How are we Orthodox Christians in the United States supposed to deal with our current “Caesar,” seemingly all-powerful and brazenly anti-Christian – indeed, anti-human – a tiny foreign oligarchy of finance and corporate power-mongers who believe that they will answer to no one but their father the devil, who shamelessly manipulate the ever-expanding coercive apparatus of our formerly constitutional government to impose their will on an increasingly enslaved population? Our Holy Mother the Church, who is “ever ancient, ever new,” still has the answers for our lives, no less than She did when our fathers lived under Christian kings who protected Her and fostered Her children with just laws and the spread of true religion.
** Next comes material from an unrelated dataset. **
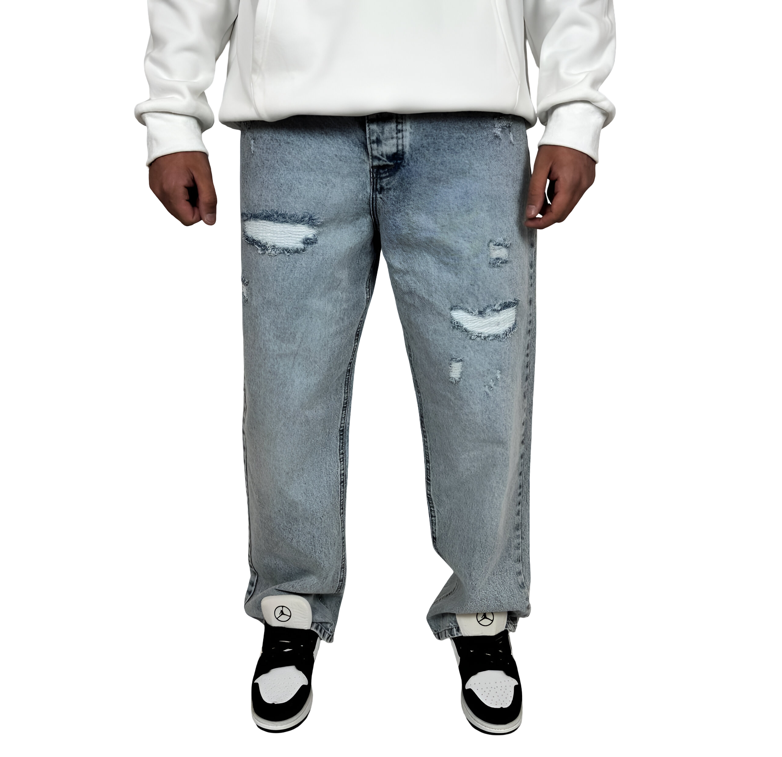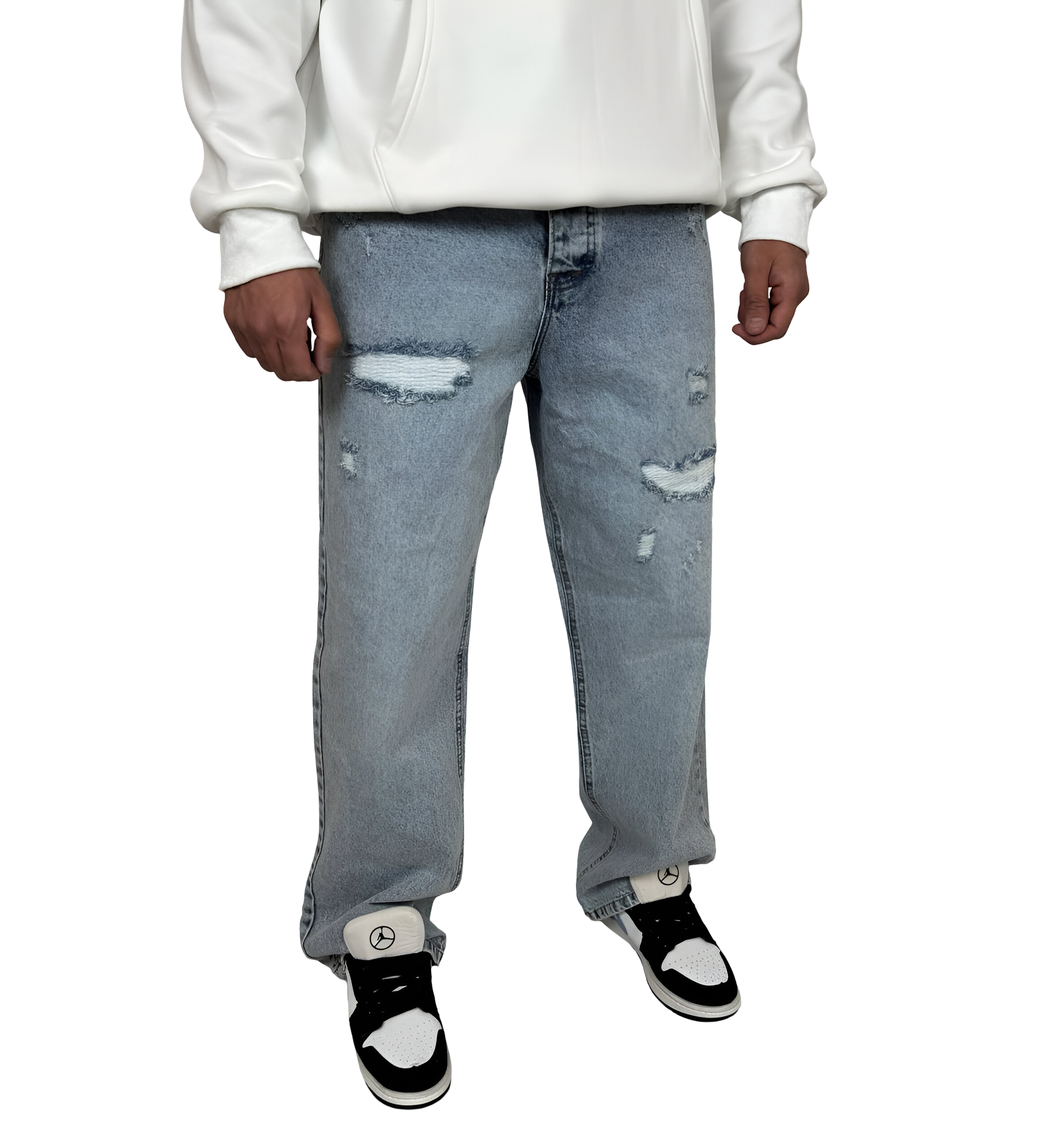 شلوار جین مردانه بگ فیت (Baggy Fit) - رنگ آبی یخی زاپ‌دار - فیت لش

Striving as best I can to convey Her holy teachings, I would like to offer a few thoughts:

First of all, we must be convinced that the All-Good God, Who desires our salvation more than we do, has placed each of us in this situation precisely for our salvation. He is both All-Wise and All-Powerful, as well as All-Good, and in His wisdom, He will use even the evil deeds of evil men to save those who love Him and desire to do His holy will.   What does Jesus Christ say? “In your patience possess ye your souls.” “He that endures to the end shall be saved.” If we believe resolutely that the Lord is working for our salvation precisely in the midst of our actual circumstances, and if we focus on our salvation and that of those we love, this gives us firm hope in the midst of the darkness of our age, and helpless rage against the agents of Satan is transformed into the quiet determination this day, this hour, to love God above all and do His holy will. As St. Paul writes, “If God be for us, who can be against us? (Romans 8:31).”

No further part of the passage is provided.